Da Constituição Apostólica Divino aflatu, de São Pio X, papa
(AAS3[1911],633-635)
(Séc.XX)
A voz da Igreja que canta suavemente
Compostos por divina inspiração, os salmos colecionados na Sagrada Escritura foram desde os
inícios da Igreja empregados, como se sabe, não apenas para alimentar maravilhosamente a
piedade dos fiéis que ofereciam sempre a Deus o sacrifício de louvor, isto é, o fruto dos lábios
que louvam seu nome (cf. Hb 13,15; Os 14,3); mas também, como já era costume na antiga Lei,
para ocupar lugar eminente na sagrada liturgia e no ofício divino. Daí nasceu, na expressão de
Basílio, “a voz da Igreja” e a salmodia. Salmodia que é “filha de sua hino dia, que sempre a
Igreja canta diante do trono de Deus e do Cordeiro”, como expõe nosso predecessor Urbano
VI. Assim a Igreja ensina aos homens particularmente devotados ao culto divino, conforme as
palavras de Atanásio, “de que modo se deve louvar o Senhor e com que palavras dignamente”
confessá-lo.

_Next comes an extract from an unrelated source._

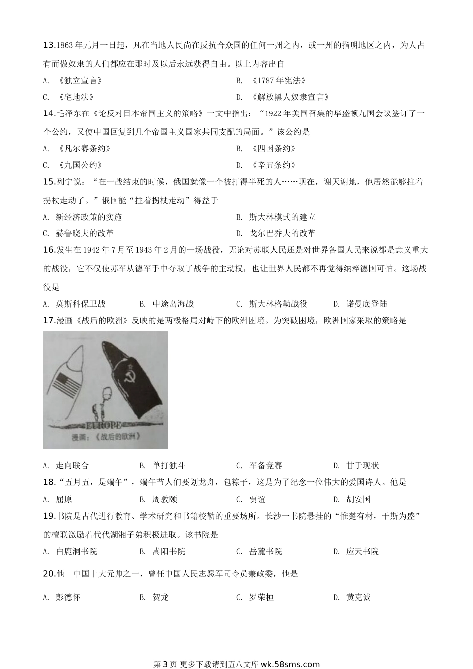 湖南省郴州市2020年中考历史试题(原卷版).doc_第3页

A este respeito disse muito bem Agostinho:“Para ser bem louvado pelo homem,
Deus mesmo se louvou; e, aceitando louvar-se, deu ao homem encontrar o modo de louvá-lo”.
Além disto, nos salmos há uma maravilhosa força para despertar nos corações o desejo de todas
as virtudes. Pois, “embora toda a nossa Escritura, tanto a antiga quanto a nova, seja inspirada
por Deus e útil para a instrução, como está escrito (cf. 2Tm 3,16), o livro dos salmos porém,
semelhante a um paraíso, que contém em si os frutos dos demais livros, produz o canto, e, ainda
mais, oferece seus próprios frutos unidos aos dos outros durante a salmodia”. Essas palavras são
novamente de Atanásio, que acrescenta: “A mim me parece que os salmos são como um
espelho para quem salmodia, onde este se contempla a si e os movimentos de seu espírito, e,
assim impressionado, os recita”. Também diz Agostinho nas Confissões: “Como chorei por
causa de teus hinos e cânticos, vivamente comovido pelas suaves palavras do canto de tua
Igreja! As palavras fluíam em meus ouvidos e instilava-se a verdade em meu coração, fazendo
arder a piedade; corriam-me as lágrimas e sentia-me bem com elas”.
Na verdade, a quem não comovem aquelas freqüentes passagens dos salmos onde se canta
profundamente a imensa majestade de Deus, a onipotência, a indizível justiça,a bondade ou a
clemência e todos os outros infinitos louvores? A quem não inspiram iguais sentimentos as
ações de graças pelos benefícios recebidos de Deus, ou as humildes e confiantes preces pelo
que se deseja, ou os clamores do arrependimento dos pecados? A quem não inflama a
cuidadosamente velada imagem do Cristo Redentor “cuja voz ouvia Agostinho em todos os
salmos a salmodiar, a gemer, a alegrar-se na esperança ou a suspirar pela realização?”